The upcoming stops in Indiana and Iowa are modeled, in part, around the effectiveness of giving people an immediate economic incentive to vote Democrat. Campaigning explicitly around delivering $1,400 checks through the American Rescue Plan was a big success at the ballot box in Georgia. The twin special election victories by Sens. Jon Ossoff (D-Ga.) and Raphael Warnock (D-Ga.) factored into Sanders’s decision to touch down in other traditionally Republican states, according to the source with knowledge of his thinking.
The budget is causing drama in Washington, D.C., where a group of moderates in the House say they will not vote for the blueprint unless the House first votes on a bipartisan infrastructure package backed by Biden and passed by the Senate. Progressives say the budget and budget reconciliation bill must move first, to ensure that centrists back it.
Some progressives believe that Sanders can help bridge a divide between independent, Republican and infrequent voters around the policies included in the budget plan.

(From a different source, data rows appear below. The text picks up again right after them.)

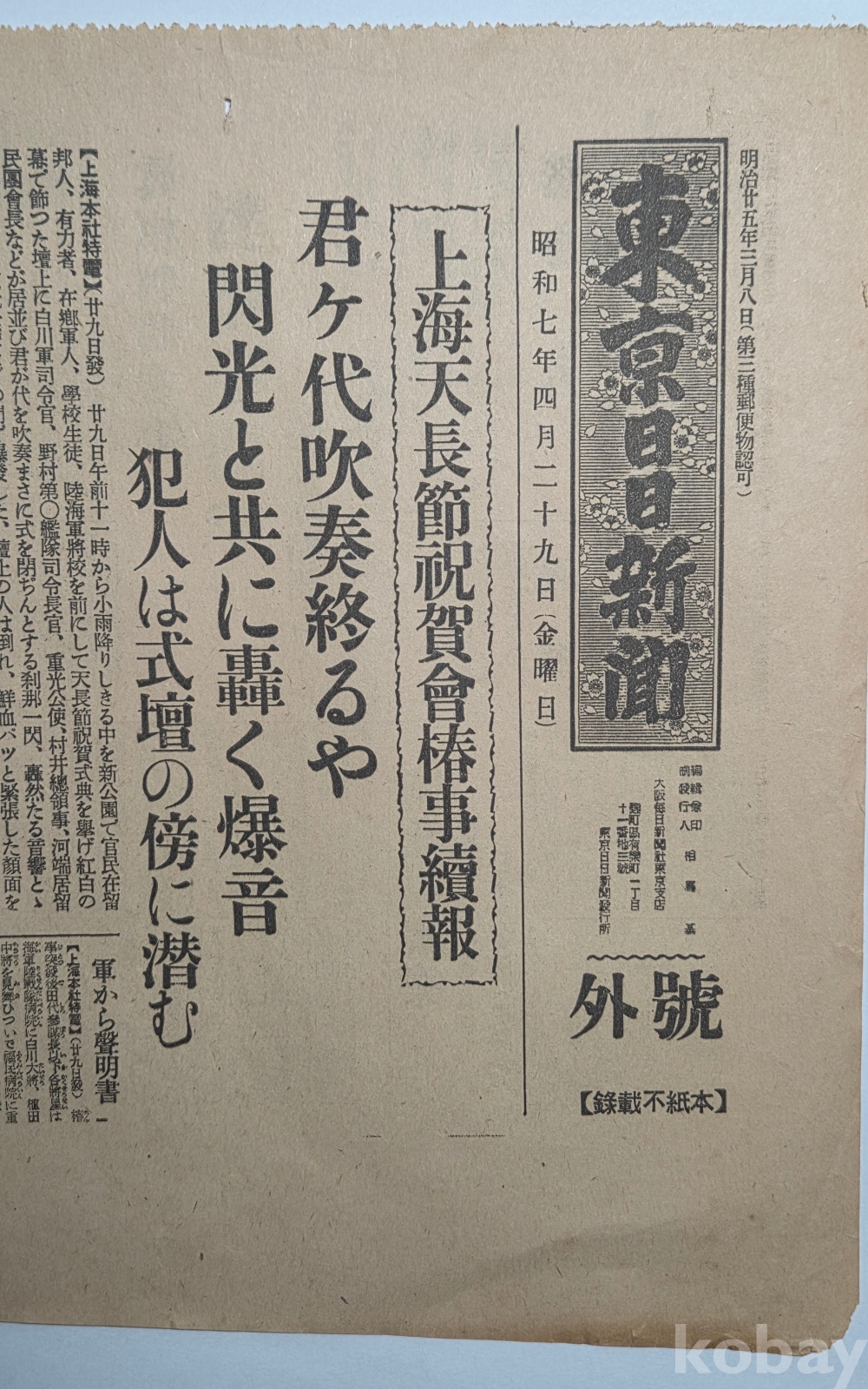 상품명 | 1932년 4월 29일 자 동경일일신문(東京日日新聞) 호외 | ||
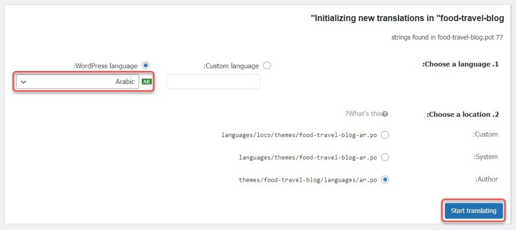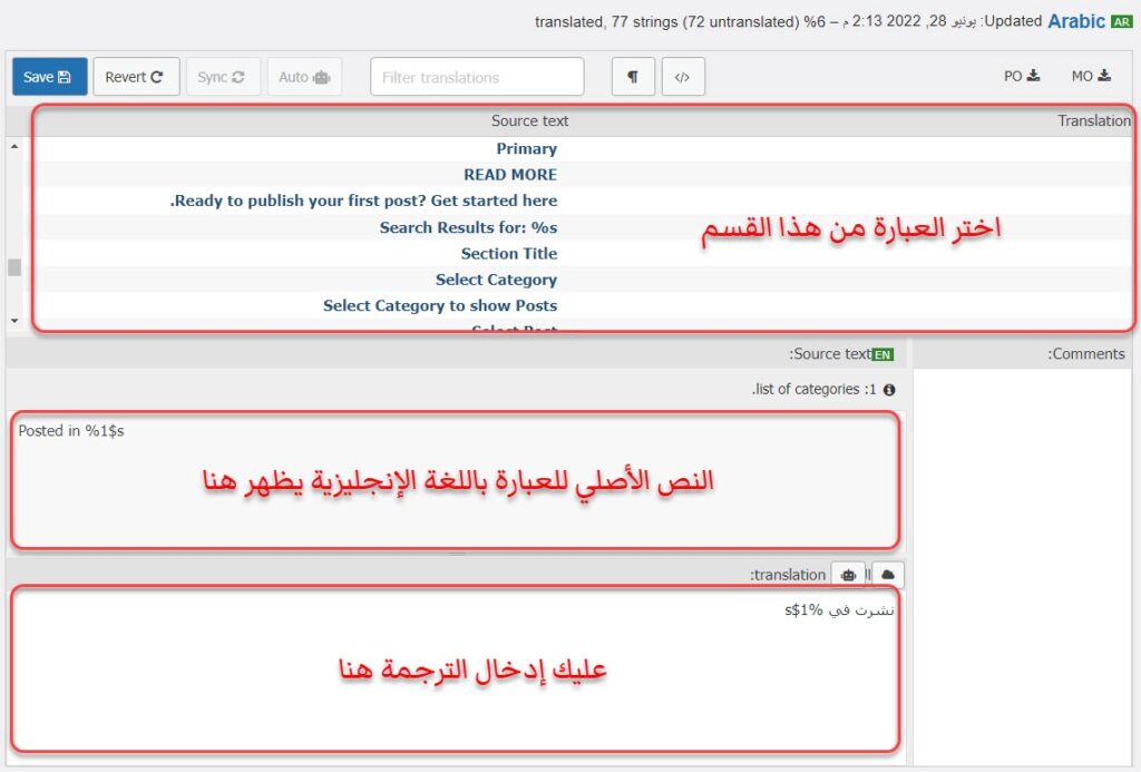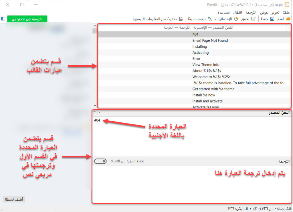 - ترجمة عبارات القالب إلى اللغة العربية. يمكن فعل ذلك باستخدام برنامج POEdit، لكننا سنشرح هنا كيفية فعل ذلك باستخدام إضافة Loco Translate.
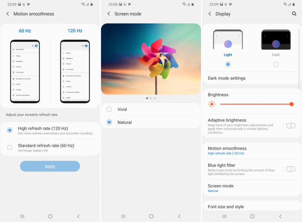 E şi foarte responsiv şi are setări speciale pentru afişaj, precum Vivid sau Natural, în funcţie de ce tip de culoare preferaţi. Avem şi filtru de lumină albastră, Dark Mode, reglaje de font, Easy Mode, plus opţiuni pentru balans de alb mai cald sau rece şi slidere Roşu, Verde şi Albastru. Un ecran complet dotat pentru un flagship de 2020.
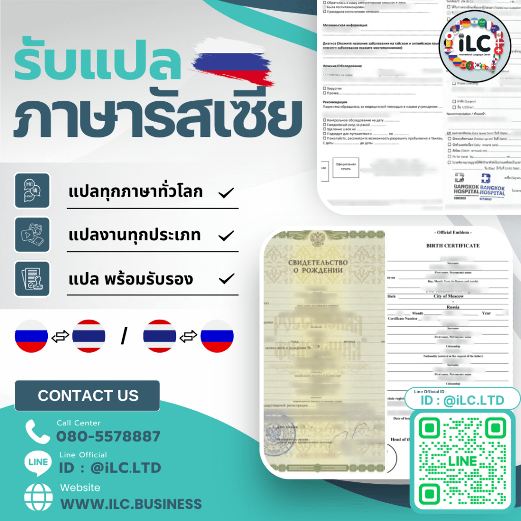 อย่าปล่อยให้กำแพงทางภาษามาขวางกั้นความสำเร็จของคุณ เลือก iLC ผู้เชี่ยวชาญด้านการแปลและรับรองเอกสารภาษารัสเซีย แล้วคุณจะไม่ผิดหวัง!

That thinking is based on the idea that the more people hear about Democrats’ ideas on issues that impact their everyday lives, the more they will be inspired to turn out.

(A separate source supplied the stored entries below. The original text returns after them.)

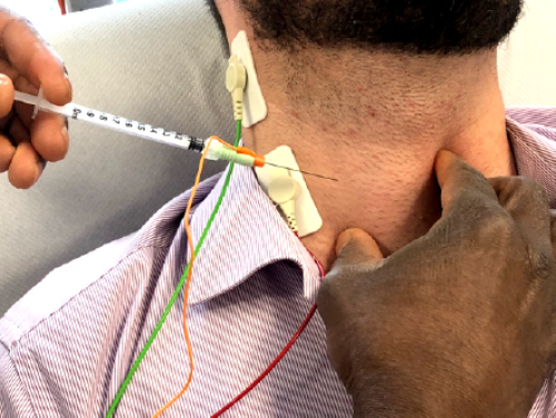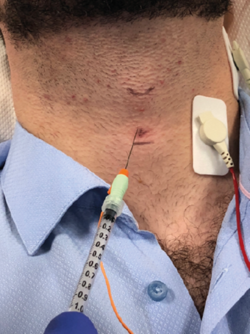 Figure 4. Botulinum toxin A injection with EMG guide.
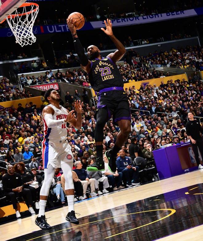 休息歸來(lái)雙方繼續(xù)拉鋸,活塞依靠上半場(chǎng)取得的優(yōu)勢(shì)一直維持著5分左右的領(lǐng)先,湖人下半場(chǎng)一直不慍不火制造不了危機(jī),第四節(jié)8分鐘里僅得8分直接崩盤(pán),活塞抓住機(jī)會(huì)送上一波26-8的攻勢(shì)確立起20分以上的領(lǐng)先殺死比賽懸念。最終湖人主場(chǎng)106-128大敗活塞,詹姆斯賽后第一時(shí)間走進(jìn)球員通道。
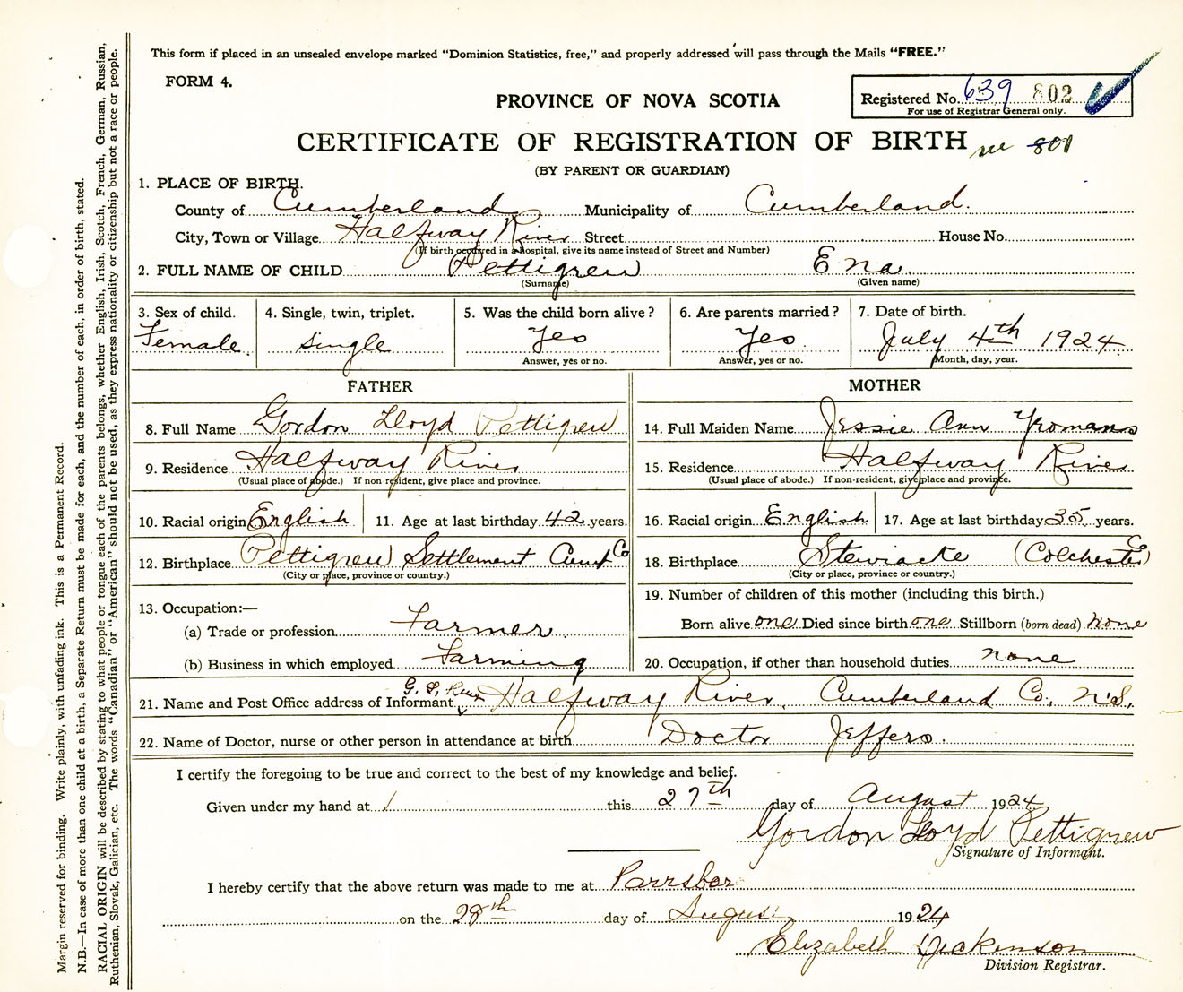 Female Birth Registration: Year: 1924 number: 63900802

For that argument to be effective in practice, some in the party say, it is incumbent on Sanders as chairman of the Senate’s influential Budget Committee to present it effectively in person.
“Red territories will always be tilted towards Republicans if Democrats don’t make the case for our own policies,” said Adam Green, a Democratic strategist who co-founded the Progressive Change Campaign Committee.

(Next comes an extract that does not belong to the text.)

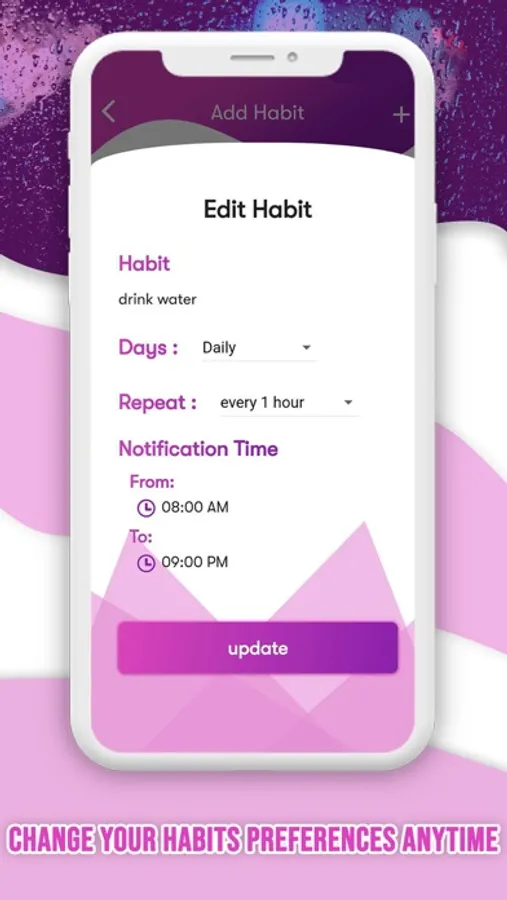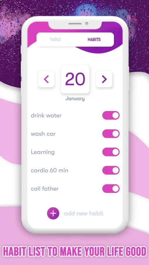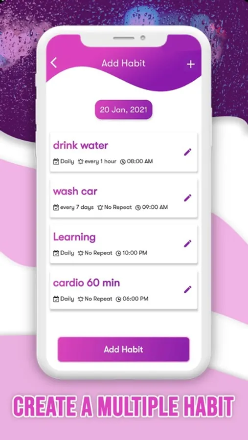 Build lasting habits with recurring due dates like “Daily, every 3 days, every 7 days, etc..” with reminder time like “every 30 minutes, every 1 hour, etc.. ”. Can Start and Stop getting a reminder by switching on and off. Can get a reminder easily by just selecting start time and time for a day. Our main feature is, You can add multiple habits for the same day. You can make a Habit easily with Todo list, Habit Tracker, Reminder, Task list. It will give a habit reminder to six months.

“It’s smart for Bernie to take a very popular economic message that resonates with Republican and independent voters and prove it,” Green said.
Some Democrats are skeptical that Sanders will be a big asset for the bill and question whether his trip will be effective.
Earlier this month, Sanders campaigned for Nina Turner, his former presidential campaign co-chair, in the Democratic primary to succeed former Rep. Marcia Fudge (D-Ohio), who is now secretary of the Department of Housing and Urban Development.
While Sanders received attention for his visit, Turner, who had alienated many Democrats with vulgar remarks about Biden, was soundly defeated by a more moderate Democrat, Shontel Brown.
“Ohio has had enough of being the loudest person in the room,” said one Democratic operative from the Buckeye State, speaking about Turner’s loss and Sanders’s role as a high-profile endorser who came to her defense.
The operative emphasized that Sanders has a well-established penchant for “stirring up the anger” and predicted that the finger-pointing mentality could end up backfiring before the midterms. “If he does stir up some trouble, I think you’ll see more distancing from the Democratic Party,” the operative said.
On Sunday, Sanders will be entering an area where an anticipated battle for two seats is already underway. Rep. Cindy Axne (D-Iowa) is contemplating whether to run for Iowa governor or another term in Congress, while Liz Mathis, a state senator, has announced a House bid.
Republican strategists have sought to capitalize on Sanders’s announcement of an in-person visit. For several years, Sanders has been an easy target on the right.
And while Republicans have painted even the most moderate Democrats as agents of the far left, Sanders’s presence in Trump country will give some validity to claims that he represents a large swath of the party and has molded its ideology.
“Our hope is that Cindy Axne and Liz Mathis will join self-avowed socialist Bernie Sanders at his Iowa rally,” Mike Berg, a spokesman for the National Republican Campaign Committee, told The Hill. “They hold similar values and policy beliefs, so it would make sense for them to campaign together.”